I went to school very close to Murrayfield Stadium, so I feel rugby-related defeats particularly painfully. As you can imagine, the World Cup in New Zealand is not proving to be a happy, stress-free time for me. The only good thing about it is that the time difference means that most of the action takes place at unsociable viewing times, so I mostly just look at the result and sigh heavily. At least I don’t have to go through every jaw-clenching, nail-biting moment with our boys.
Our propensity to fail in sporting endeavours makes our very occasional victory so very, very sweet though. And we always have fun in the pub afterwards, usually alongside our protagonists, arms around shoulders, all singing “Scotland the Brave” together (if only we knew more words than just “Scotland the Brave”). Perhaps it is enough that we infiltrate our enemies and make them sing our songs and drink our drinks? I suspect not though.

Monday 26 September 2011

Introductory musings

This will be a series of blogs for gentle entertainment and amusement, and by that I mean both mine and my readers'. I hope. This blog represents my own opinions only, and should not be used as a blunt instrument with which to beat my nearest and dearest about the head.


It takes something of a leap into the unknown, grasping ones self-confidence by the scruff of the neck, to publish a blog. At the back of one's mind is the nagging doubt that anyone on the planet will be remotely interested in anything one has to say on any topic. What if I inadvertently upset someone? Worse, what if no one reads it, and I expose my soul to absolutely nobody?

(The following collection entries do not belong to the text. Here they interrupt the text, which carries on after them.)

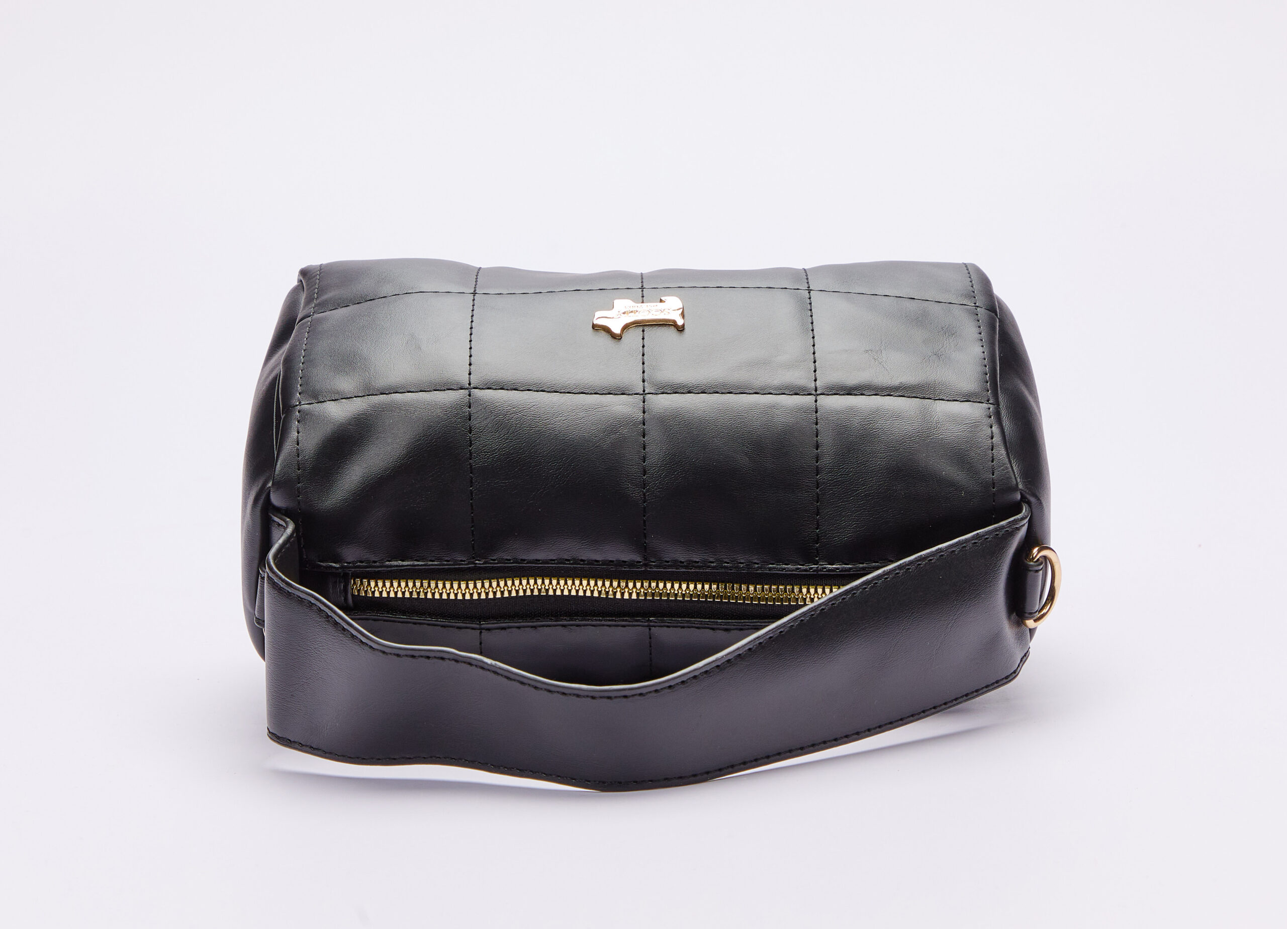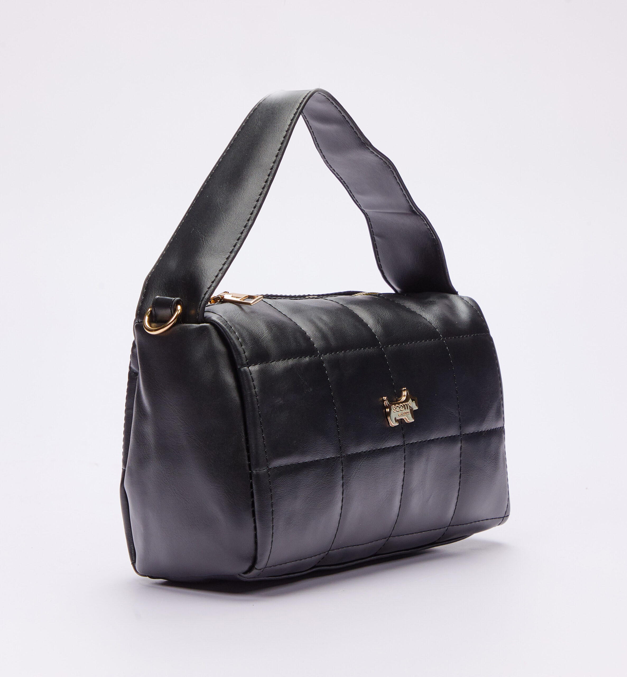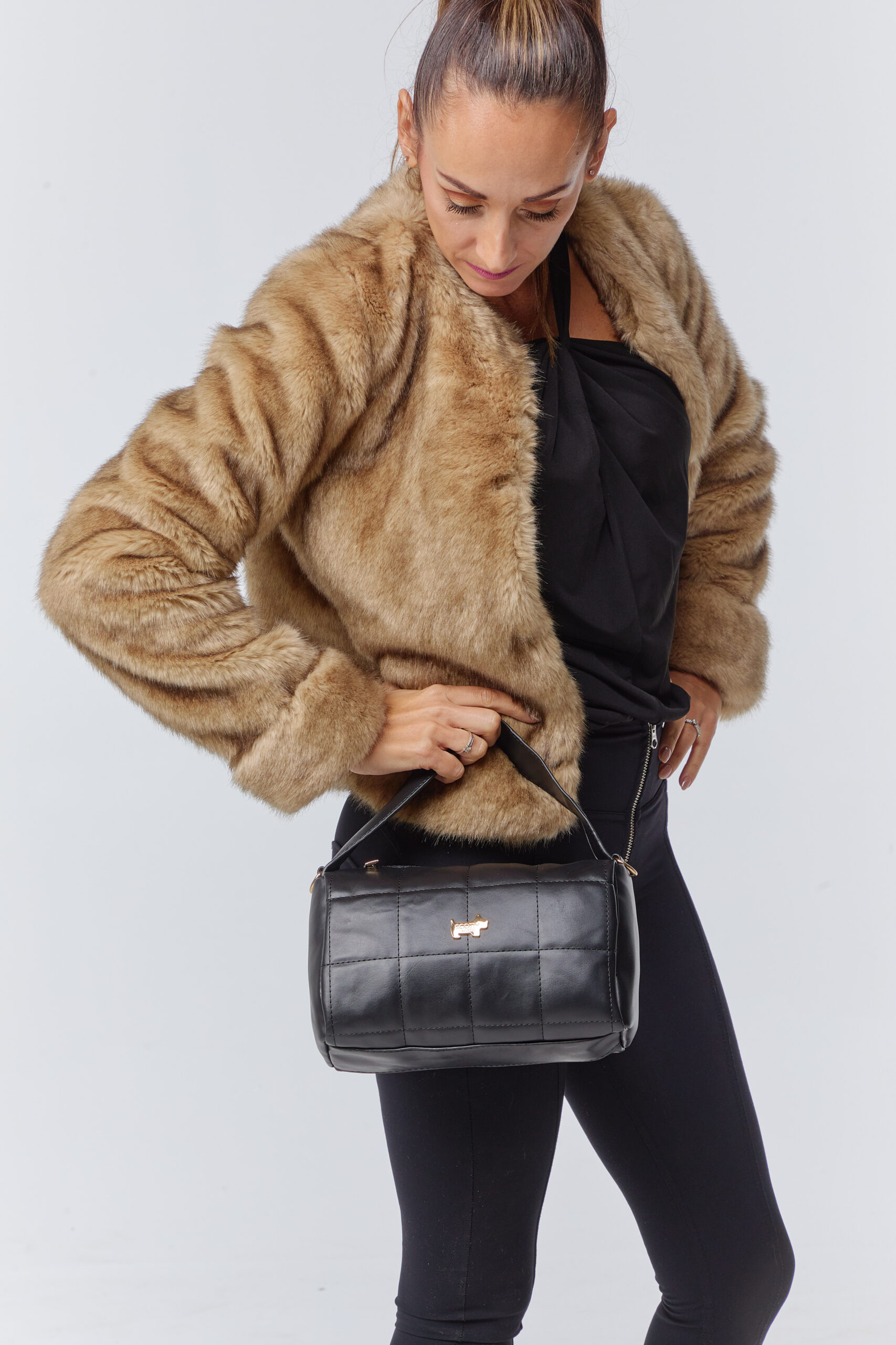 The Bella barrel handbag has a cylindrical shape, crafted from smooth vegan leather. It features a zippered top, sleek handles, and minimalistic hardware, combining style with practicality. The interior is lined with soft, luxurious fabric and includes a zippered pocket and open compartments for easy organization. Spacious yet refined. The bag also comes with a second adjustable strap included allowing the bag to be worn as a crossbody.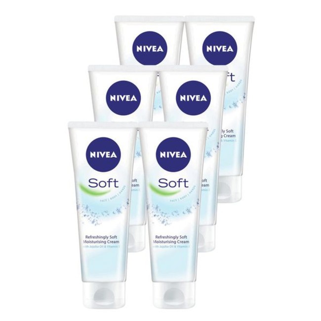 NIVEA Soft is a highly effective, intensive moisturising cream for everyday use. The light formula with Vitamin E & Jojoba Oil is quickly absorbed and refreshes the skin. Enjoy the invigorating feeling that leaves your skin soft and supple. Skin compatibility dermatologically approved. What's in the box 6 x 75ml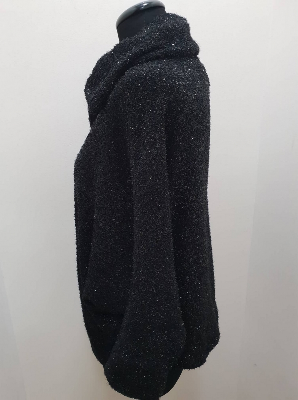Μπλούζα με ντραπέ λαιμό με άνοιγμα, πλεκτή με άσημο κλωστή και πέλος σε αέρινη γραμμή με μανίκι νυστερίδα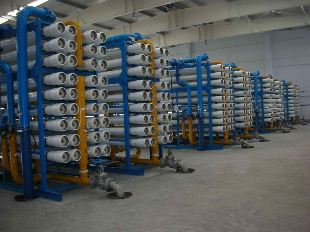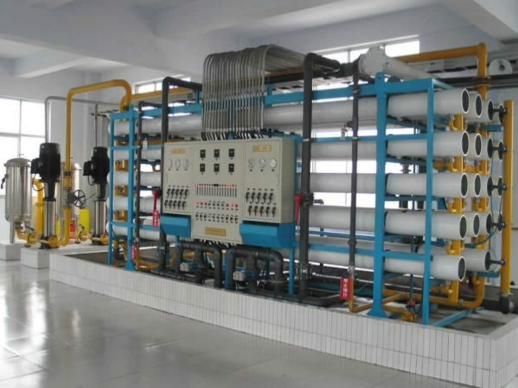 二、反渗透脱盐装置: 反渗透是一种以压力梯度为动力的膜分离过程,其如同分子过滤器一样可有效地去除水中的溶解盐类胶体细菌和有机物。反渗透过程是自然渗透的逆过程.在使用过程中为产生反渗透过程需用水泵将含盐水溶液施加压力以克服其自然渗透压,从而使水透过反渗透膜.而将水中溶解盐类等杂质阻止在反渗透膜的另一侧;同时为防止原水中溶解盐类杂质在膜表面聚焦,运行时浓水应不断地冲洗膜表面并将浓水中及膜面上的杂质带出继而实现反渗透除盐净化的全过程。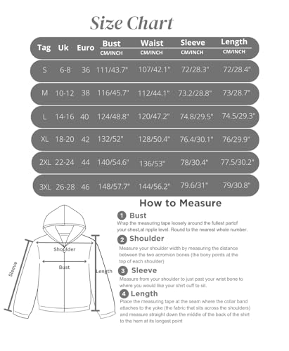- SIZE GUIDE: S=UK(6-8),EURO(36);M=UK(10-12),EURO(38);L=UK(14-16),EURO(40);XL=UK(18-20),EURO(42);XXL=UK(22-24),EURO(44)X,XXL=UK(26-28),EURO(46; suggest sizing up if you want to layer t shirts hoodies or jumper underneath.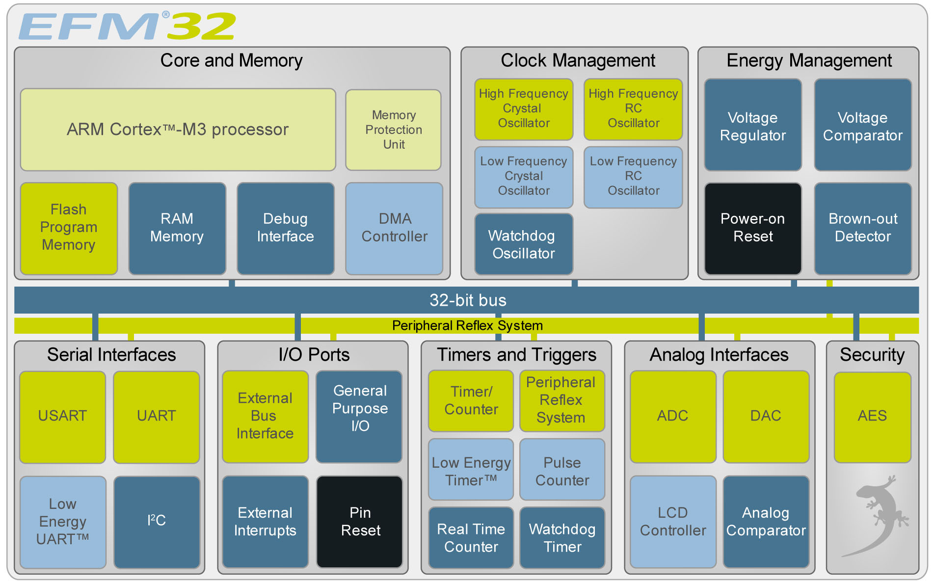 本質(zhì)上,CMOS晶體管消耗的大部分主動電流發(fā)生在切換時。通過開發(fā)先進的門控同步時鐘結(jié)構(gòu),EFM32架構(gòu)隨時保持最少的開關(guān),大大減少了不必要的晶體開關(guān)數(shù)量。這對主動電源極為有效,它通過總線架構(gòu)延伸,甚至到達執(zhí)行程序內(nèi)存的內(nèi)核。該架構(gòu)的設(shè)計很方便直接運行閃存,可通過減少訪問內(nèi)存來進一步省電。

With all that in mind, and brandishing it as something of a caveat to the general drivel which is likely to appear on this blog periodically, let me introduce myself. I am a mother of 2 and wife of 1, and I also have a full time job which gives me a legitimate excuse to get away from the housework. My children are a good source of both amusement and poignancy for me. I'll call them Judge and Boxer (although just to be clear, those aren't their actual names, because that would be silly. And probably illegal, in some countries of the world). Judge is the older - he is constantly horrified by the unfairness of the world. Boxer doesn't spend too much time being horrified by unfairness - she is more interested in putting things right, and her favoured method usually involves contradiction and then physical violence. They are both still quite little, little enough to pick up (although, in the case of Judge, these days one needs to ensure one has core muscles locked and knees braced) and little enough to think that farting is funny. Oh, hang on. That's everyone isn't it.


My husband (let's call him Engineer) provides good insight and observations. He's erudite, although he will immediately ask me what that means. He observes the world, and then he applies his own not insubstantial intelligence and good, decent belief systems to those observations and comes up with...well, someone who wouldn't do a bad job as Prime Minister, quite frankly. I'd encourage it, and I'd even vote for him, only I wouldn't really want to live in London. Been there, done that, got the sweat-stained, blood-encrusted t-shirt.


We live in Edinburgh, although Engineer's family are scattered around Glasgow, which means they get a nosebleed whenever they come and visit. There are simply HUNDREDS of them. But that's ok, big families are riveting and provide a rich vein of amusing material. And there's always someone to laugh at you when you do something stupid.